La jeune fille à la jupe bleue, chemisier noir et petit boléro rouge, a les joues rouges, les jambes écartées, ou plus exactement, un pied sur le sol et l'autre relevé sur le divan. L'allusion est parfaite, bien que Balthus se soit défendu souvent de peindre de l'érotisme... "L'érotisme est dans l'oeil de celui qui regarde " a-t-il dit.
Ahmad Jamal égraine ses notes fluides et ses gestes précis sur le clavier...
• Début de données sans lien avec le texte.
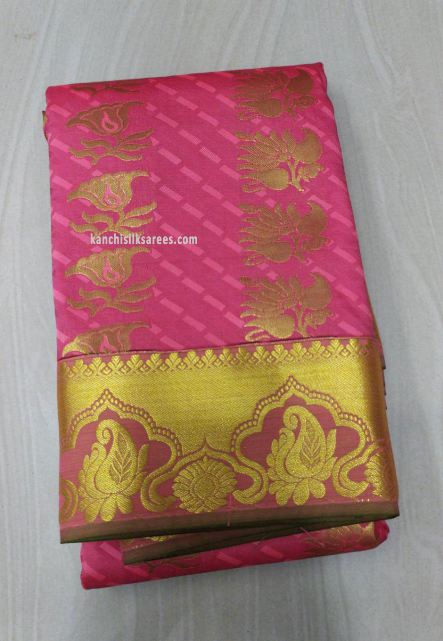 Kanchi Silk Gift Sarees Flower and Mango Design Punch Rose Color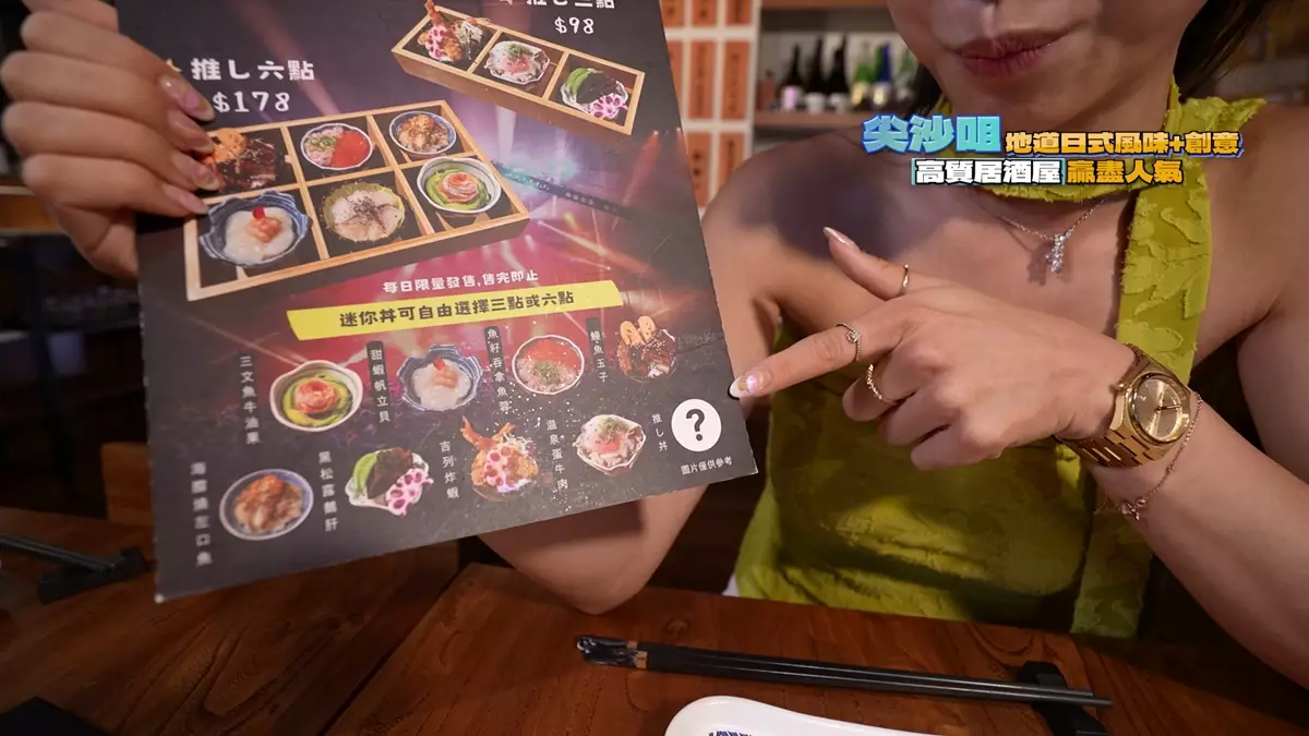 此外,今晚廖慧儀(Jessica)介紹一間高質居酒屋,餐廳的一款「我推的迷你丼」,一次過可以滿足六個願望,她說︰「唔知大家去餐廳食嘢時候,有無選擇困難症。今次呢間日本餐廳嘅丼飯,想一次過可以試勻六款餸,包括刺生、炸物、燒牛肉。仲有一格『問號』應該係每日都唔同菜式。」拍攝當日『問號』提供的為龍蝦刺生。最後Jessica再試店內兩款招牌菜紫蘇元貝豚肉卷及生菜豚肉卷,加上一杯士多啤梨芭菲,絕對滿足。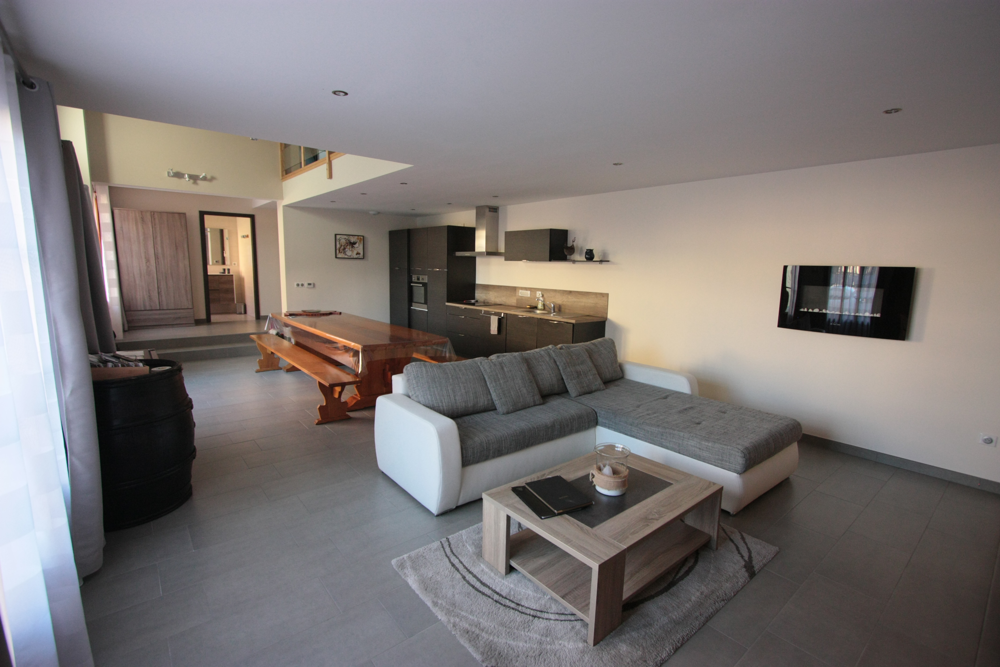 - Grand espace de vie avec cuisine, salle à manger et salon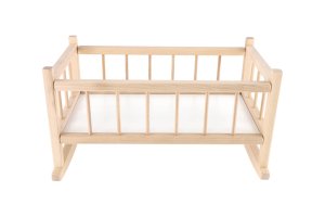Pekná kolíska z kvalitného dreva určená iba pre bábiky. Teraz bude vaša bábika v bezpečí a bude sa jej lepšie spať! Rozmer 49 x 28 x 27 cm. Vhodné pre deti od 3 rokov.

Les jeunes filles de Balthus rêves de moments érotiques, nos yeux les perçoivent, le peintre lui, ne voulait saisir et restituer que "le caractère divin de la vie et du monde familier". L'amour, la sensualité, la jouissance, l'abandon, l'extase qui en résulte parfois, ne sont-ils pas justement, les parfaits moments de divinité accordé sur cette Terre ? Tout comme certains moments intenses et intemporels de la musique ? Celle d'Hamad Jamal, justement ?
S.R.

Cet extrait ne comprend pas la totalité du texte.